One of the biggest constraints for Putin is time. He can only keep the armoured and motor rifle units, the 100,000 now forming up in four huge concentration areas, for a few weeks at most. This gives the lie to the idea that they can wait for the spring or to the end of January at the earliest. He is also beginning to feel his age as he approaches 70 and he may be worrying about his health giving out.
Another problem is the growing sophistication of Ukrainian forces. They have recently acquired Turkish Bayraktar Tb2 strike drones. These proved highly effective, and decisive even, in conflicts in Libya and Nagorno Karabakh last year. The Bayraktars are now being made under Turkish licence in Ukraine itself – where manufacturing and development facilities are more advanced than in Turkey itself.
In Nagorno Karabakh last year, the new missiles proved battle winners in combination with new Israeli munitions, command and targeting equipment then appearing on the battlefield for the first time. The so-called ‘suicide drones’ and Israel Harap (Harp 2) loitering strike drone proved devastating against the older Russian military weaponry used by the Armenian forces. The use of Israeli weapons and systems with the Turkish drones in Ukraine now could be devastating against Russian battle tanks and heavy artillery batteries. “I suspect there would be a lot of electronic warfare, jamming and hacking of the different command systems,” says Hanna Shelest.
Putin senses that he has got the Biden administration on the back foot, an impression reinforced by Secretary of State Antony Blinken suggesting that talks about the European security system should be opened in a month’s time.

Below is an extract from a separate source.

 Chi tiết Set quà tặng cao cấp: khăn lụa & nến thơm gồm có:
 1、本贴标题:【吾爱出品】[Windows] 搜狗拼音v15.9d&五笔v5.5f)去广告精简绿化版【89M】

This is likely to encourage further rounds of abusive behaviour from Moscow, our three Ukrainian commentators agreed.
In the past two days, gas supplies to Germany have been slowed down. According to Putin this is merely owing to ‘commercial factors.’
Putin and his ministers may be bidding high in their latest challenge to the US, Nato and the EU leadership, but they know their demands cannot be met. They are a little more than a complete redrawing of the European security order since 1989, and the terms laid out at the crucial Nato summit in Bucharest in 2008. Sergei Lavrov demanded a signed treaty that Nato weapons wouldn’t be deployed forward in former USSR countries now in Nato and that Ukraine and Georgia will never join the alliance. “The document of demands is too vague, and they know it can’t be discussed seriously,” Hanna suggests. “They are not a basis for negotiation.
“It’s a cheap ultimatum. It’s typical of a domestic violence situation, in order to make the victim feel guilty.”